The search engine bot doesn’t see the Web as do you and I. As such, there are several other page-related issues that can “trap” the bot, preventing it from seeing all of the content you intend to have indexed. For example, there are many page types that the bot doesn’t handle very well. If you use frames on your website (does anyone still use frames?), the bot will only see the frame page elements as individual pages. Thus, when it want to see how each page interrelates to other pages on your site, frame element pages are usually poor performers. This is because frame pages usually separate content from navigation. Thus content pages often become islands of isolated text that are not linked to directly by anything. And with no links to them, they might never get found. But even if the bot finds the frame’s navigation pane page, there’s no context to the links. This is pretty bad in terms of ranking in search engine relevance.

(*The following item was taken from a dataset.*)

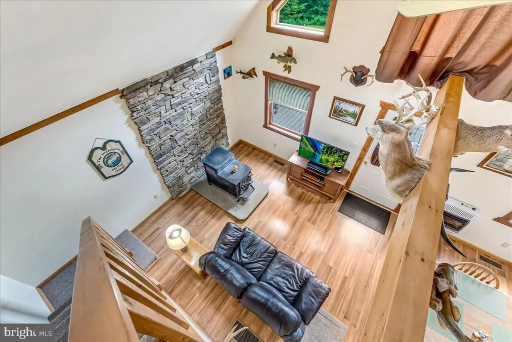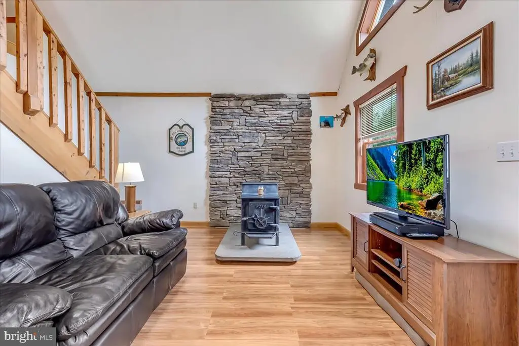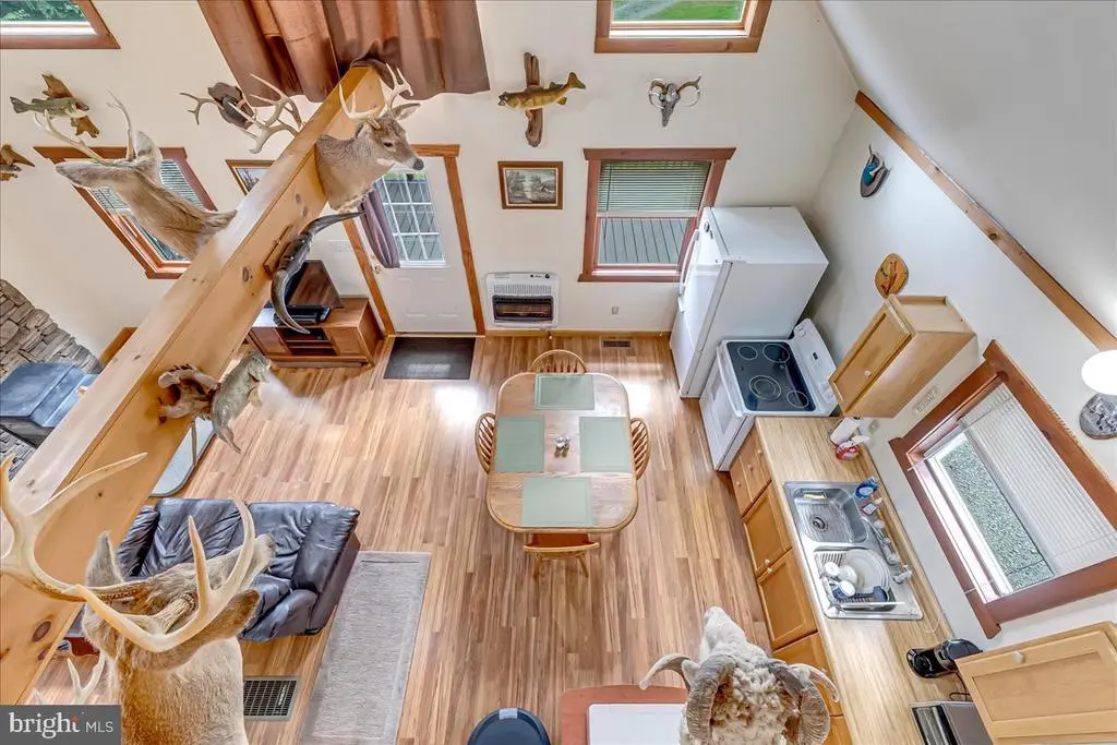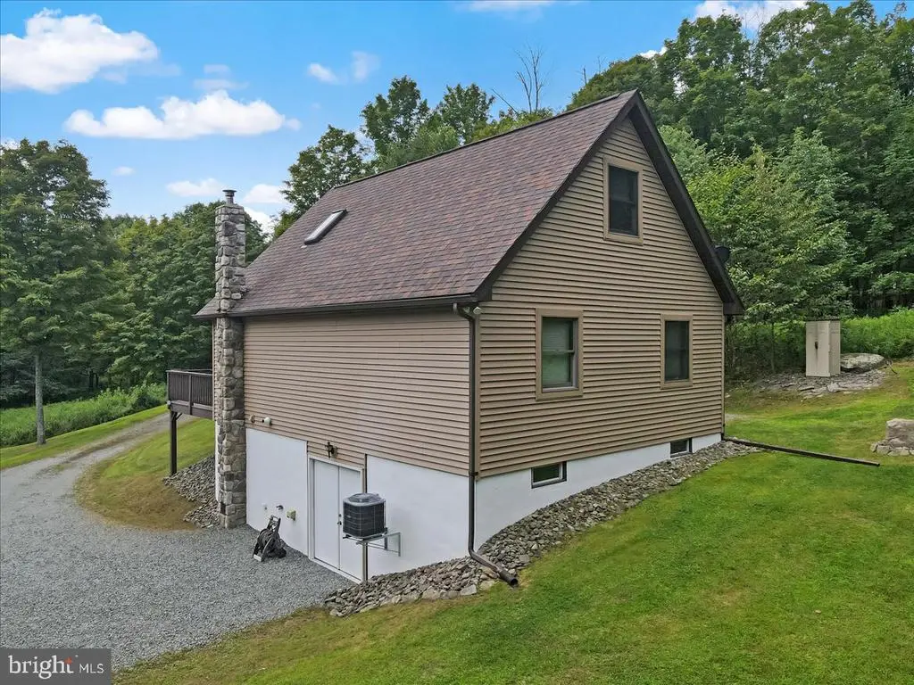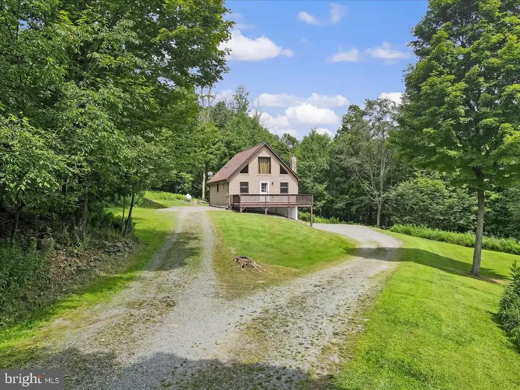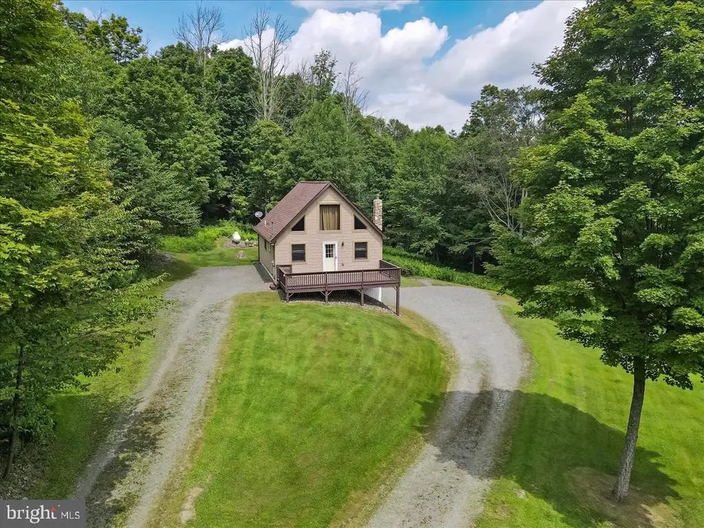 Discover the perfect mountain escape at 193 Highland Trail, a beautifully designed A-frame Chalet tucked into nearly 3 pristine acres of private woodland in sought-after Pleasant Mount. With its striking architectural lines, dramatic vaulted ceilings, and thoughtfully curated interiors, this 2-bedroom, 1-bath retreat offers the ideal balance of rustic elegance and modern convenience. Step inside to an open, airy great room featuring floor-to-ceiling windows that frame tranquil views of the forest and flood the space with natural light. The flowing floor plan connects seamlessly to a charming dining area and a well-equipped kitchen with ample prep space, and a welcoming layout perfect for entertaining or quiet nights in. The main level features two inviting bedrooms and a stylish full bath, providing comfort and convenience all on one floor. A versatile loft space upstairs serves as a third sleeping area, creative studio, or cozy lounge—ideal for guests or a private work-from-home hideaway. The home is being offered almost fully furnished, allowing you to enjoy an effortless move-in or begin hosting immediately if used as a short-term rental or seasonal retreat. Step outside onto the sprawling wraparound deck, where outdoor living becomes effortless—morning coffee, afternoon reading, or evening cocktails are all framed by serene nature views. For those craving adventure, the property includes a 12-ft Lowe Jon boat with oars and a kayak, ready for nearby lakes and ponds. The unfinished lower level offers incredible storage flexibility with wide double doors—ideal for storing large equipment like an ATV, snowmobile, or riding mower. This unfinished space also houses a backup wood-burning furnace capable of heating the entire home, and offers plenty of potential for a workshop, gear room, or future expansion. Perfectly positioned just minutes from Elk Mountain, ATV and snowmobile trails, state lakes, and over 9,000 acres of state game lands, this location is a haven for outdoor enthusiasts. The private community also features a secluded mountain pond—ideal for peaceful reflection or casting a line. With fiber optic internet available, and tasteful design throughout, this luxurious yet laid-back chalet offers the lifestyle you've been dreaming of. Whether you’re looking for a stylish mountain home, a weekend retreat, or a savvy investment, 193 Highland Trail is an exceptional find.

Other types of pages that can trip up search engine bots include forms (there’s typically no useful content on a form page) and authentication pages (bots can’t execute authentication schemes, so they are blocked from seeing all of the pages behind the authentication gateway). Pages that require either session IDs or cookies to be accessed are similar to authentication pages in that the bot’s inability to generate session IDs or accept cookies block them from accessing content requiring such tracking measures.

To keep the search engine bot from going places that might trip it up, see the following information about the “noindex” attribute to prevent indexing of whole pages.

We’re only getting started here on site architecture issues. There’s plenty more to come. If you have any questions, comments, or suggestions, feel free to post them in our SEM forum. See you soon…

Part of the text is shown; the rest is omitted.